Part of my presentation included a survey that asked young people, “What has most helped you grow in your faith?” The top response from millennials was “prayer.” When I revealed that answer, there was an audible gasp in the room I hadn’t anticipated. Sensing the surprise from the audience, I decided to take things a step further. “Do you know what’s great about prayer?” I asked the ministry leaders. “It’s very affordable.” That got a laugh from the crowd, but not from the conference director.
“Prayer is accessible to anyone, anywhere.”
When I came off the main stage he was livid. He explained that the goal of the event was to sell theater equipment to churches so they can create “bigger and better” experiences. My presentation, he said, was not appreciated by the vendors. I explained that I was invited to speak to the pastors not the vendors, and to present data about young adults, not to sell smoke machines. I have not been invited back.

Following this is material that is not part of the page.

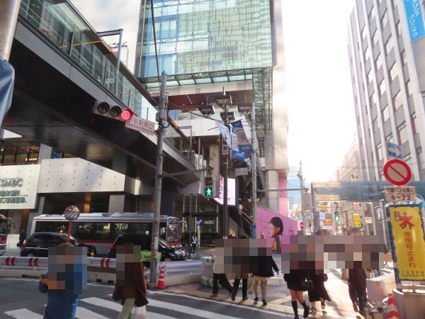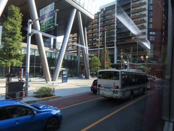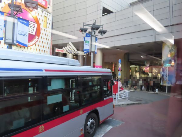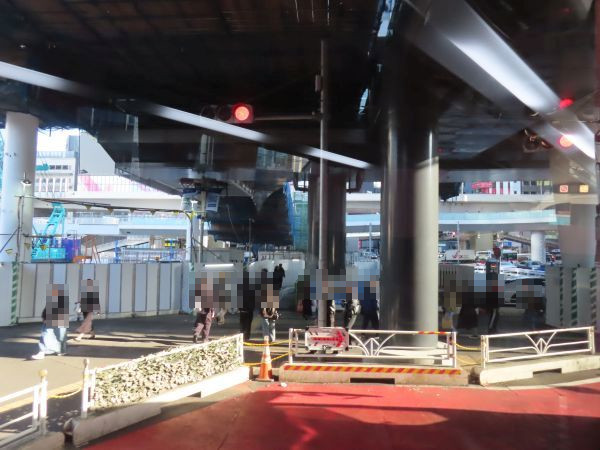 渋谷駅を出ると、渋谷駅前でUターンする。このあたりは人が多く、警備員がバスを誘導する。

The incident illustrates one of the core dilemmas facing consumer Christianity. It always wants to produce, package, and sell communion with God, but this agenda relies upon people believing communion with God requires some special knowledge or skill they do not possess. If experiencing God’s presence requires millions of dollars in theatrical equipment, then I need a massive church building and its army of employees to grow in my faith.
But a new generation is discovering a dangerous truth—all the pyrotechnics and hologram projections in the world are no substitute for the simple practice of prayer. And prayer is accessible to anyone, anywhere. As Madame Guyon wrote in her book Experiencing the Depths of Jesus Christ, “This way of prayer, this simple relationship to your Lord, is so suited for everyone; it is just as suited for the dull and the ignorant as it is for the well-educated. This prayer, this experience which begins so simply, has as its end a totally abandoned love to the Lord. Only one thing is required—Love.”